Since the bash track does not have a representer nor a syllabus, and mentoring requests are seemingly few and far between, I’m thinking that adding approaches to bash exercises will allow us to add our collective knowledge for students at a relatively low cost.
The julia track has added mentor notes into the exercise
.approaches directory (example leap exercise)
The C# track has a different approach to approaches: show various implementations (example leap exercise)
In my own mentor notes, I don’t have some of exercise specific stuff, but I could fairly easily come up with a few different implementations to talk about. Unfortunately my exercism time is consumed on the jq track these days.
Does anyone want to get started? Say for the
I’m pretty booked up for the next 2.5 days. If no one else jumps on this, I may give this a try on Sunday or Monday evening.
To be clear, this is the “official” way of doing things. But the Julia way is fine as a starting point if it’s quicker to do! But the C# way is more student-friendly from a quick-discover perspective.
I’m giving this a go. Hopefully I’ll have a PR within a day or two.
I like it, but that wasn’t a day or two. ;)
Approved, with a comment that the reference link sources should be at the bottom of the file.
Thanks for the reviews!

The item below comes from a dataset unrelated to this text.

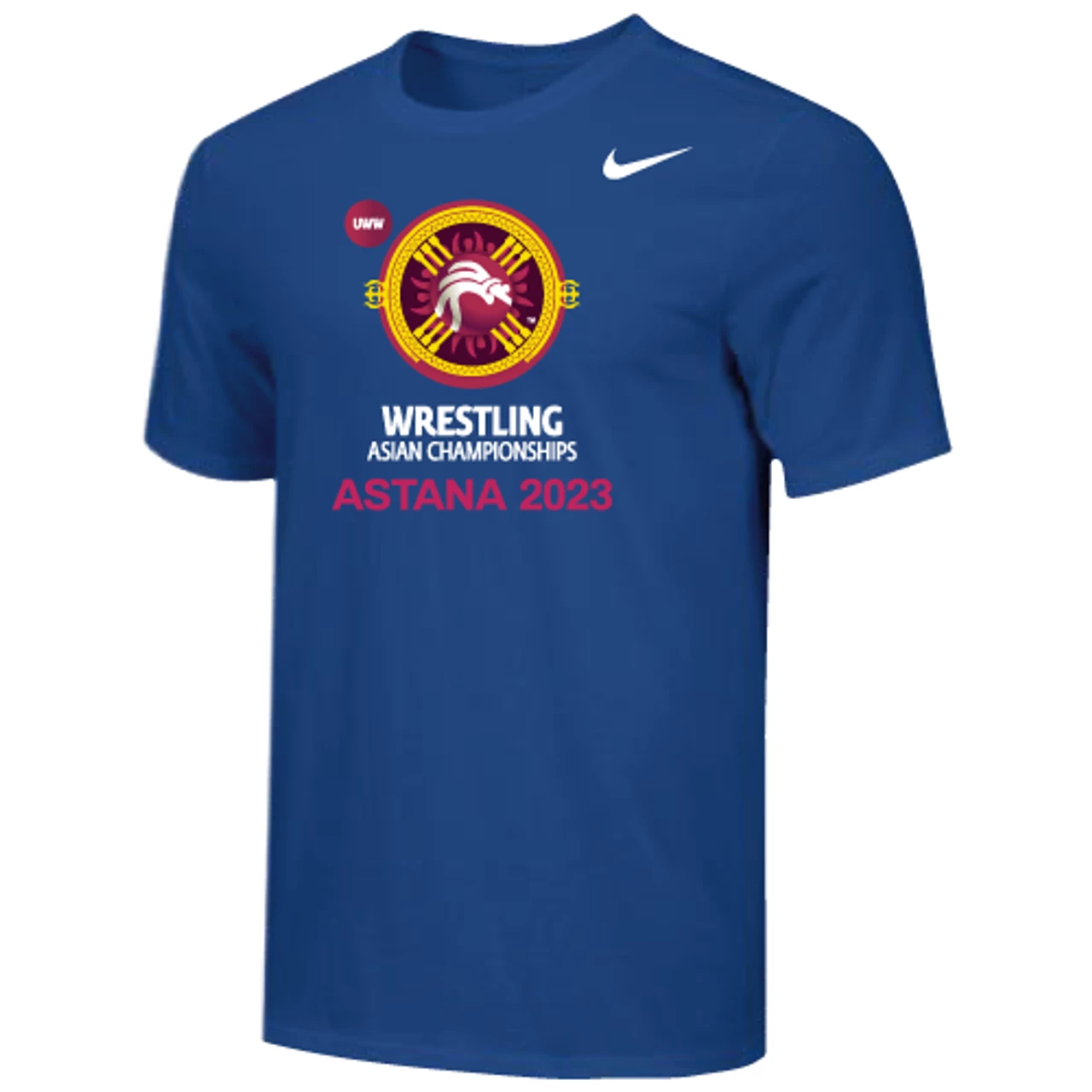 Nike Men’s UWW Asian Championships Astana 2023 Tee – Royal – Form and function combine for a modernized look with less bulk in the Nike 100% Premium Ring Spun Cotton Tee.

Fixed, merged, and now live.
Is it worth splitting this into a per-approach file? Each section is pretty simple and short and there isn’t a ton of details to delve into.

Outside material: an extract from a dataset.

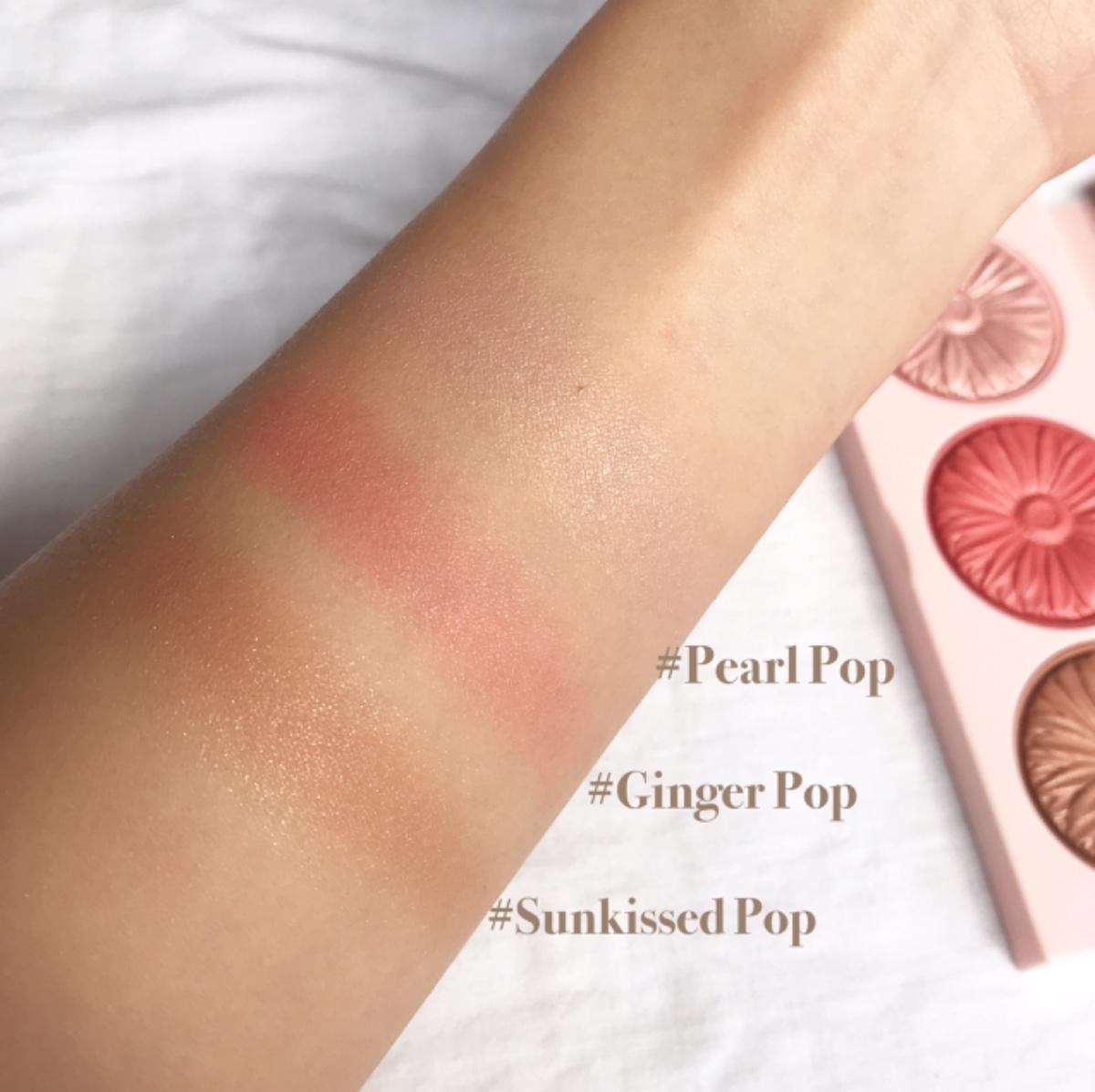 Ginger Pop 是一個有點珊瑚紅的顏色 很有活力又可愛的感覺,Sun kissed Pop就是一個土咖色 用來當修容也可以當腮紅但有珠光,最後是Pearl Pop色澤特變亮 用來上在鼻頭顴骨都很適合 有淡淡的粉嫩光澤

There is something to be said for consistency. If the “normal” is a file per approach, then it is good not to see deviations (especially when we move on and others are learning to maintain the track).
Based on the linked C# docs, it looks like the “intro” doc should provide a brief high level of all the approaches and then a per-approach doc can dive deeper into each approach. That’s fine when there’s more details to dive into; when it’s as simple at two-fer, I’m not sure there is a “deeper”.
For Ruby, there is, as it is a practice exercise, and a lot of things to discuss for strings. And as things relate to “fluency”.
I am not sure this is applicable for all languages, and in some languages “strings” are a fairly complex topic.